_PROBLEM DESCRIPTION_
Given the records below, would you repeat exactly the lines that begin at the one containing "During 1967-1969, BMK" and end at the one containing "Figure 1 Map", inclusive?

_DATA_
+---+

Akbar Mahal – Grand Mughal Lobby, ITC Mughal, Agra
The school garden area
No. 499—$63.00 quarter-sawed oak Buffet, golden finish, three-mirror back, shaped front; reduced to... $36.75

+---+

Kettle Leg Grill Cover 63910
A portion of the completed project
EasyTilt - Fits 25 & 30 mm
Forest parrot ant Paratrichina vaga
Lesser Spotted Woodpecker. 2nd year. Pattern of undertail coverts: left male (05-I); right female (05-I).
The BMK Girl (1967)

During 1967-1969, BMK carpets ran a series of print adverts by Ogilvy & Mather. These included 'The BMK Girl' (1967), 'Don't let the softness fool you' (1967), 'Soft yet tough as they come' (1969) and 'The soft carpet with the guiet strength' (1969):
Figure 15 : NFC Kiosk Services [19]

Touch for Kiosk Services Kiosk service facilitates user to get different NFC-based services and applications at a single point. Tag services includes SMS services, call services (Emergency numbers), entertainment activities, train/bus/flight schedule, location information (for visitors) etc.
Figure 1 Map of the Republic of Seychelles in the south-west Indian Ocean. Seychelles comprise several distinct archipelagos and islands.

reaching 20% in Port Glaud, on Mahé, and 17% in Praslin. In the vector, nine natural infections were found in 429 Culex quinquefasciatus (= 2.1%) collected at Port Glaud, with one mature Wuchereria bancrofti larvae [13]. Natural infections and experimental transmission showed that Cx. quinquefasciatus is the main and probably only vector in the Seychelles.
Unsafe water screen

+---+

_EXERCISE SOLUTION_
During 1967-1969, BMK carpets ran a series of print adverts by Ogilvy & Mather. These included 'The BMK Girl' (1967), 'Don't let the softness fool you' (1967), 'Soft yet tough as they come' (1969) and 'The soft carpet with the guiet strength' (1969):
Figure 15 : NFC Kiosk Services [19]

Touch for Kiosk Services Kiosk service facilitates user to get different NFC-based services and applications at a single point. Tag services includes SMS services, call services (Emergency numbers), entertainment activities, train/bus/flight schedule, location information (for visitors) etc.
Figure 1 Map of the Republic of Seychelles in the south-west Indian Ocean. Seychelles comprise several distinct archipelagos and islands.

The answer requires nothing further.